EU-Beitritt der Ukraine: eine unhaltbare Chimäre

Der Beschluß des Europäischen Rates der EU vom 15.12. (ohne Ungarn, dessen Ministerpräsident Orban vor der Abstimmung den Saal verließ) für die Aufnahme von Verhandlungen über einen EU-Beitritt der Ukraine ist bestenfalls realitätsfern und schlimmstenfalls ein grausames Täuschungsmanöver. Die Soforthilfe für die Ukraine wurde blockiert, während der Beitrittsprozeß, wenn überhaupt, erst abgeschlossen sein wird, wenn alle derzeitigen EU-Regierungschefs längst aus dem Amt sind.

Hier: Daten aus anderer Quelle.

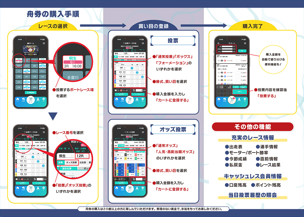 (2)専用アプリ「at boat+」をダウンロードしDKカードと連携、舟券購入

Während die europäischen Mainstream-Medien sich in Lobeshymnen über die Entscheidung ergingen, beschrieb die Washington Post recht treffend, was ein Beitritt der Ukraine für die EU bedeuten würde:

Da die Ukraine das fünftbevölkerungsreichste Land in Europa ist, entfielen auf sie 9% bei Abstimmungen mit „qualifizierter Mehrheit“ (mindestens 55% der Mitgliedsländer mit mindestens 65% der Bevölkerung, damit werden viele Entscheidungen in der EU getroffen). Und da sie mit Abstand das ärmste Land ist, würde sie nach den jetzigen Regeln den größten Teil der Subventionen absorbieren.

Bei Abstimmungen mit qualifizierter Mehrheit hätte Deutschland statt 18,6% nur noch 16,9% der Stimmen. Polen und die Ukraine hätten zusammen so viel Macht wie Deutschland. Vielleicht ahnen die Autoren der Washington Post nicht, daß einige in der EU gerade das sehr gerne sähen. Hinzu kommt der dort nicht angesprochene militärisch-strategische Aspekt – ein EU-Mitglied ist faktisch auch Mitglied der NATO.

In der Post heißt es, viele in Brüssel seien der Meinung, um die Ukraine und andere Länder aufzunehmen, müsse die EU ihre wichtigsten Institutionen, u.a. das Parlament, und ihre Agrarpolitik reformieren. Derzeit erhalten europäische Landwirte Subventionen von gut 183 Euro pro Hektar bewirtschafteter Fläche, und angesichts der großen Flächen würden die ukrainischen Landwirte viele Milliarden erhalten. In Polen protestieren die Landwirte bereits gegen ukrainische Getreideexporte, die sich negativ auf die inländischen Preise auswirken. Die Ukraine exportierte vor dem Krieg 20 Mio.t Weizen im Jahr, das entspricht einem Drittel der gesamten EU-Ausfuhren. Polen dagegen exportiert nur 4 Mio.t pro Jahr.

Das jährliche Pro-Kopf-BIP der Ukraine lag 2021 bei 4470 Dollar. In Bulgarien, dem ärmsten Land der EU, waren es nach Angaben des IWF 10.700 Euro. Laut einer Schätzung von EU-Kommission, Weltbank und UNO nach dem ersten Jahr des Konflikts werden sich die Kosten für den Wiederaufbau nach dem Krieg auf mindestens 366 Mrd.€ belaufen. Zwischen Versprechen und Taten dürfte also eine große Lücke klaffen.